Today, Uncle B had his heart set on a white agapanthus, so we drove up and down the county until we found one. What it is to wed a gardener.

Everything was white. I’ve never seen such a profusion of mayflowers. The hedges were dazzling. Mayflower could be any of the hundreds of shrubs or trees in the Crataegus family: hawthorn, quickthorn, thornapple, may-tree, whitethorn, mayflower. We have several.

Then there was Queen Anne’s lace and English daisies.

And the sheep! Leave us not forget the lambs, which were born at the beginning of April and are rowdy teenagers now, in sheep terms.

It was stunning.

May is the blessedest month. Good thing it’s my birthday month.

Comments


Comment from Durnedyankee
Time: May 14, 2025, 9:28 pm

When I read “the blessed best month” I thought what you went on to say…your birthday month, and Mrs Durned’s, right around horse shoes range from your own.
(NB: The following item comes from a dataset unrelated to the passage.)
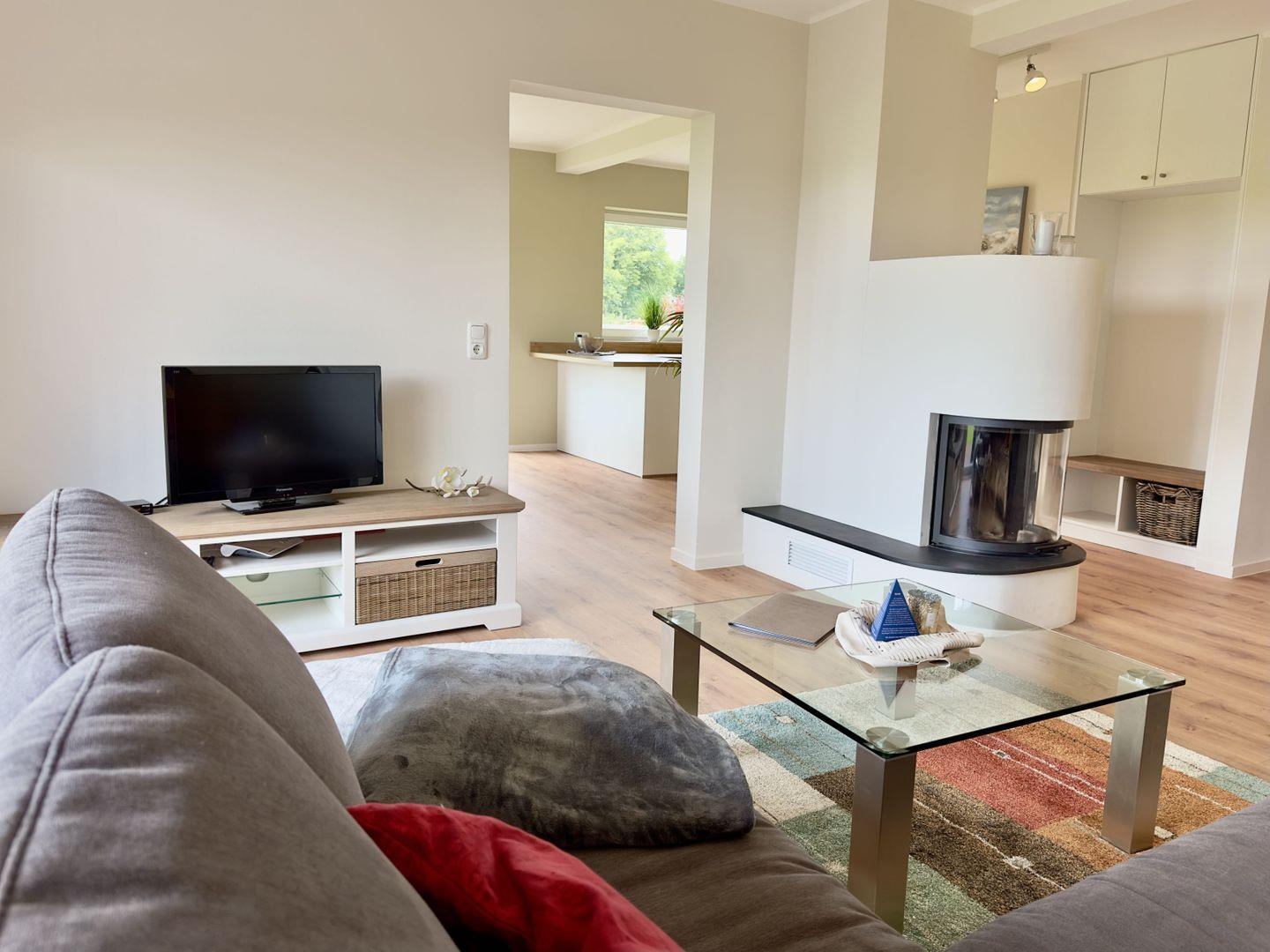 Die lichtdurchfluteten Räume, der gemütliche Kaminofen und die hochwertige Ausstattung schaffen eine einladende Atmosphäre.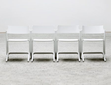 横につなげて並べることで、薄い板で出来た「橋」が完成します。この椅子は積み重ねが簡単で、従来の椅子と異なり2脚で出来ているため、テーブルの端にかけることで(室内の)掃除が容易にできます。

So, how not the blessedest month?
It can be a wonderful month here in Tejas, and we’ll overlook the occasional year when the weather thinks it’s mid-August.


Comment from Deborah HH
Time: May 15, 2025, 2:33 am

I could go for a white agapanthus. And the other white flowers, too. I’ve wanted a moon garden for 30 years (to keep me company when I am star-gazing). But we are on the edge of the Caprock, and the ground is so hard and our water is equally hard. Roses do surprisingly well here though. Maybe I’ll just plant white roses by the dozens and call it good.

And those 70 lavender plants that I sprouted from seed a few years ago? Four plants survived, and are now bravely waving their little stalks in the wind—20 mph wind. That’s what my spring is like: constant wind. I haven’t flown my flags since February.

No lambs, but little white-faced Herefords.


Comment from Some Vegetable
Time: May 15, 2025, 1:01 pm


O, TO be in England
Now that April ‘s there,
And whoever wakes in England
Sees, some morning, unaware,
That the lowest boughs and the brushwood sheaf
Round the elm-tree bole are in tiny leaf,
While the chaffinch sings on the orchard bough
In England—now!

And after April, when May follows,
And the whitethroat builds, and all the swallows!
Hark, where my blossom’d pear-tree in the hedge
Leans to the field and scatters on the clover
Blossoms and dewdrops—at the bent spray’s edge—
That ‘s the wise thrush; he sings each song twice over,
Lest you should think he never could recapture
The first fine careless rapture!
And though the fields look rough with hoary dew,
All will be gay when noontide wakes anew
The buttercups, the little children’s dower
—Far brighter than this gaudy melon-flower!